Hacker News new | ask | show | jobs
by scott_w 38 days ago
Not in the payments world. If you’re 99% done but only the bookkeeping failed, then it’s likely that money is changing hands and you need to deal with that fact. Payments are not an atomic infrastructure and you cannot magic that into reality.
1 comments

Payments are multistep but each of the steps needs to be atomic. The "create payment" operation must be transactional and the communication channel between you and the processor must be idempotent so you don't inadvertently create multiple payments.

The fact that payments have a settlement process is not relevant to this discussion.

> The "create payment" operation must be transactional and the communication channel between you and the processor must be idempotent so you don't inadvertently create multiple payments.

Yes, I agree. You want to generate a token, persist it locally and use that to communicate with the payment gateway, so re-submissions use the same key and either error or return the transaction state.

> The fact that payments have a settlement process is not relevant to this discussion.

I wasn't talking about settlement, I was talking about the processing aspect. What I meant was: once you kickstart the process with the gateway, money is highly likely to change hands as a result. This means a process of:

1. POST /checkout

2. Create token

3. POST to payment gateway with token

4. Wait for gateway to return

5. Persist transaction/error

6. Return success/error

What is needed is to persist and return the token to the caller before contacting the payment gateway, to make a check + retry mechanism possible.

And yes, I've seen code that follows steps 1-6 exactly as I've described and, yes, all the problems you imagine would occur from those steps have occurred at one time or another.

This is one possible API but it's not the dominant way payments are exposed by payments providers. Stripe, Amazon, Paypal, et al do this differently. They're fine.
I pointed to Braintree in another comment where this is very much not fine. Also these providers operate at a lower level of the stack than we do, so they have finer control over the process than you or I.

Even then, it’s not fine because those requests might time out, or your request times out waiting for theirs. Just because your provider abstracts behind one API doesn’t mean you necessarily can!

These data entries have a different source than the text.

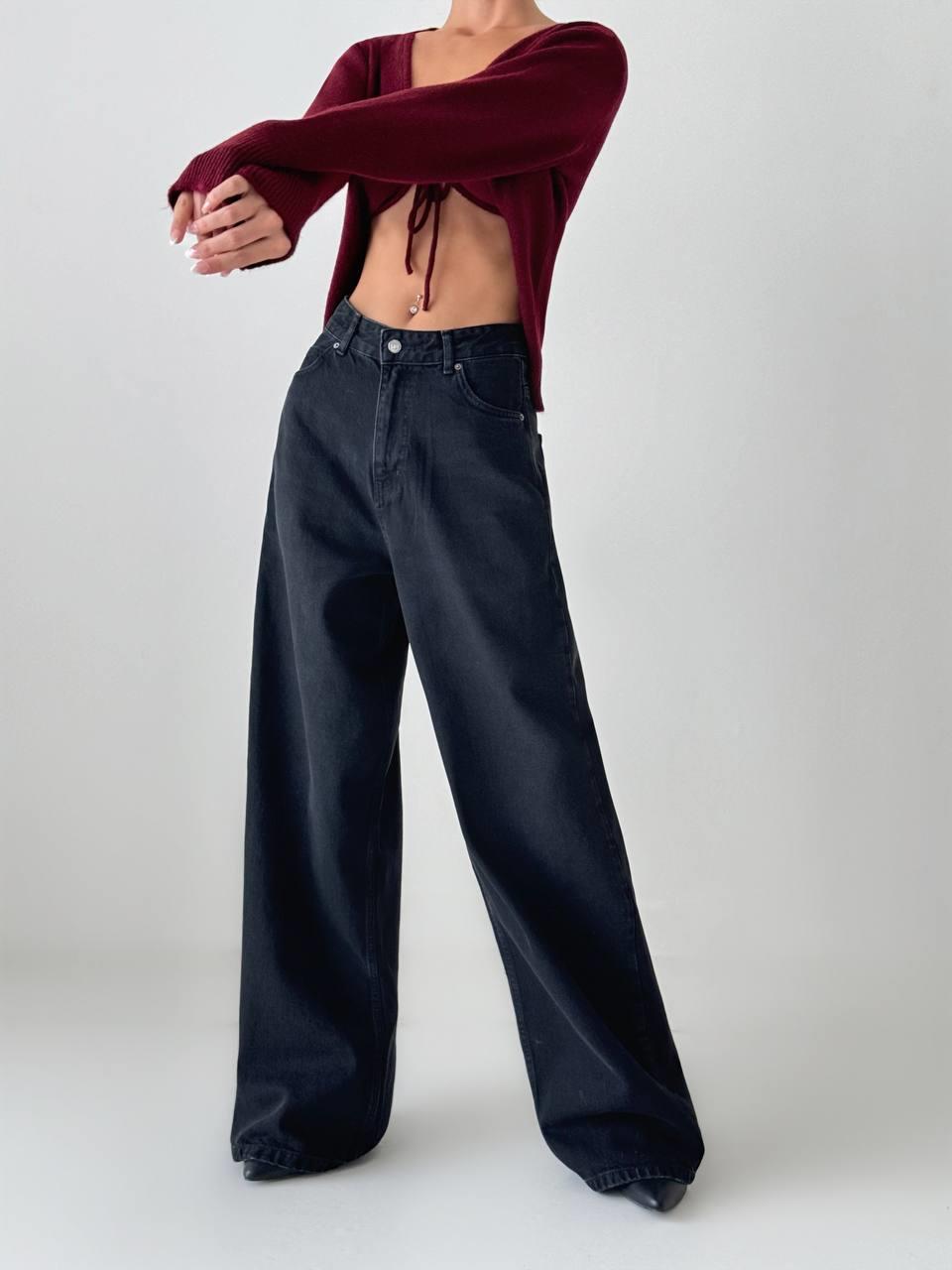 Extra Wide Leg Black Jean Trousers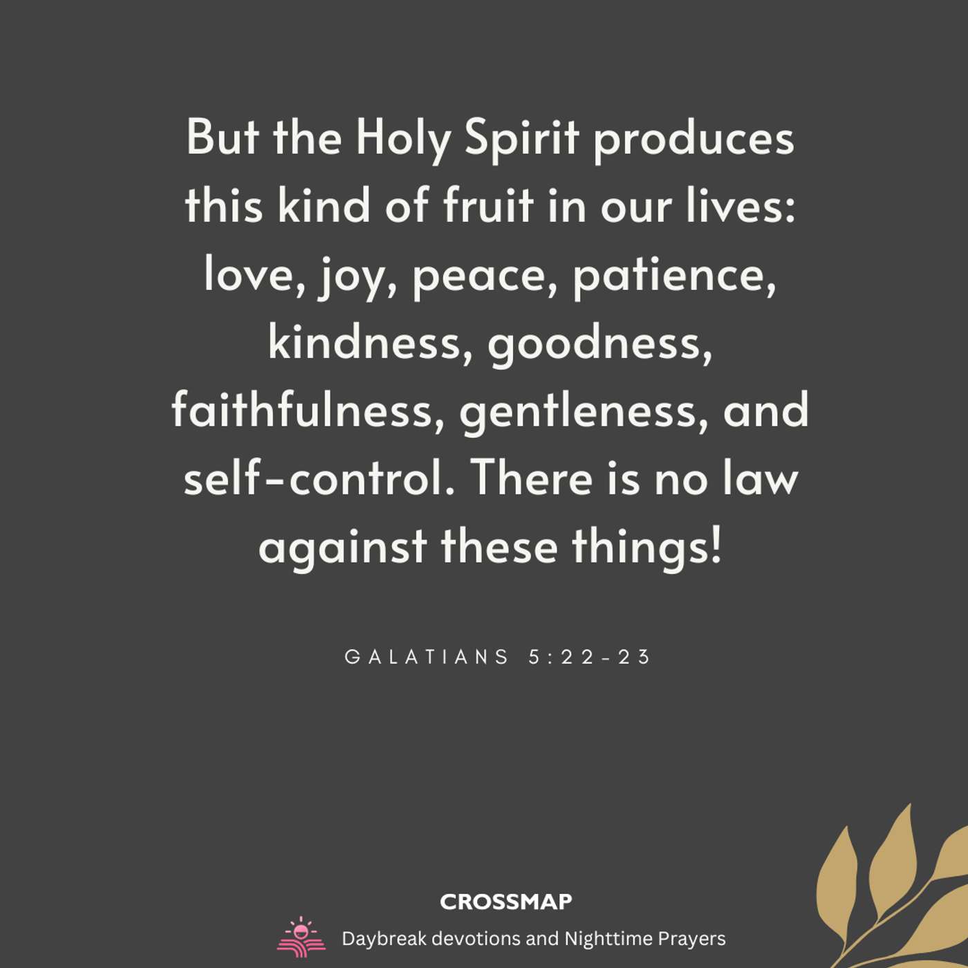 But the Holy Spirit produces this kind of fruit in our lives: love, joy, peace, patience, kindness, goodness, faithfulness, gentleness, and self-control. There is no law against these things! -- Galatians 5:22-23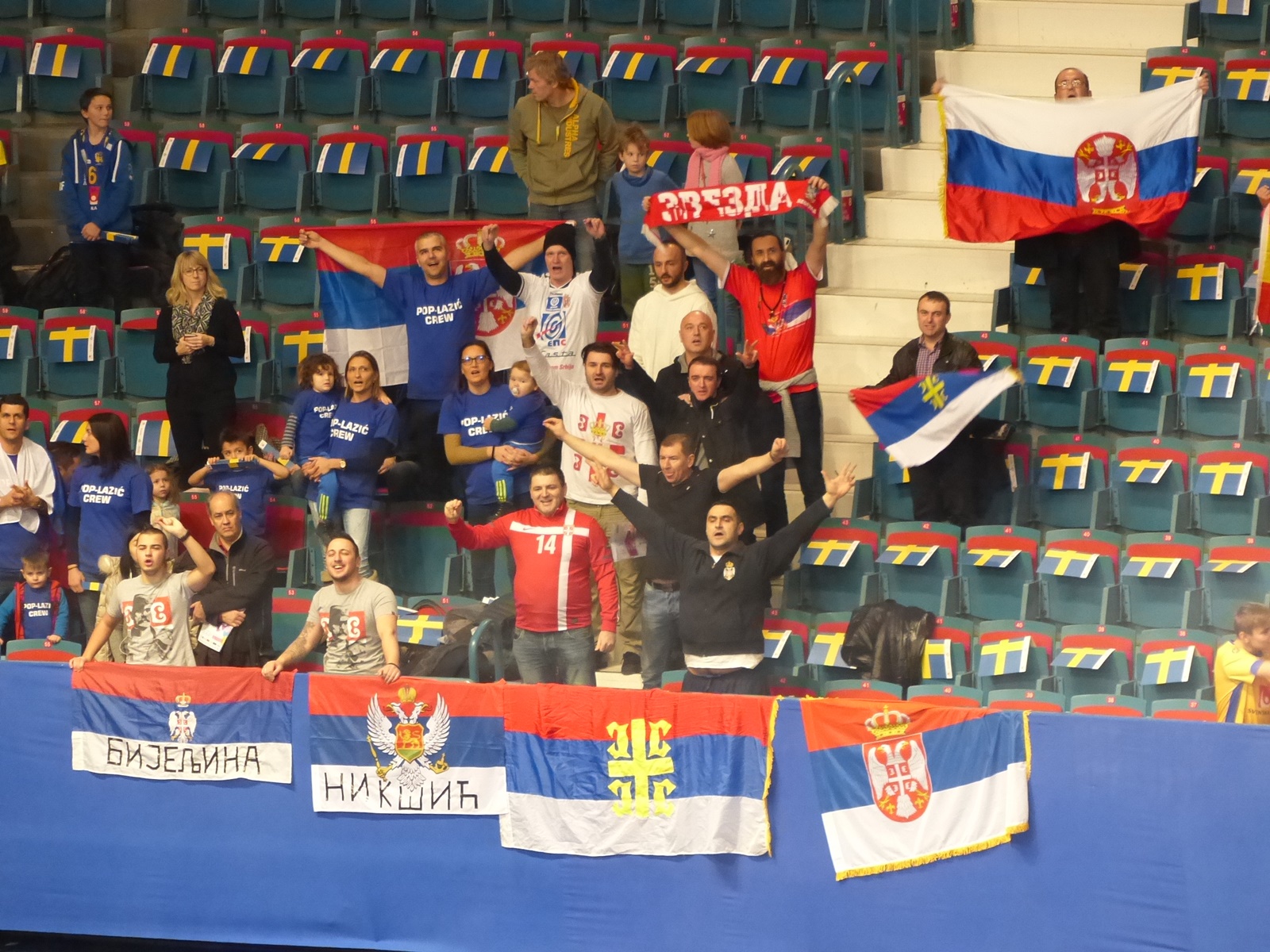 Поред Поп Лазића на трибинама је било и других српских навијача, а српске тробојке са потписом Никшића и других градова откривале су њихово порекло.

This problem is the entire point of the idempotency key system. You (the client) must retry the payment until success (where APIs that provide "this idempotency key already seen" is considered success). The idempotency key prevents you from creating duplicate payments.

500 errors, network timeouts, etc all happen. We can't run 2PC transactions with Stripe, so you need durable retries. People run billions of dollars through these APIs every day. It's fine.

I’m not disagreeing with that point: I’m just pointing out that the idempotency key must be persisted in your own system before the payment is submitted. Some gateways (Braintree) will let you submit no key and just give you one on request completion.

My point is that you can’t rely on this specific mechanism because request failure does not mean the payment is not going through!

I’m not sure where we disagree so I must ask: do you disagree with what I’ve written and, if so, what and why?

And if there is part of the process that isn't idempotent, you want to make that surface area as small as possible, so that only failures at that one discrete step can cause issues.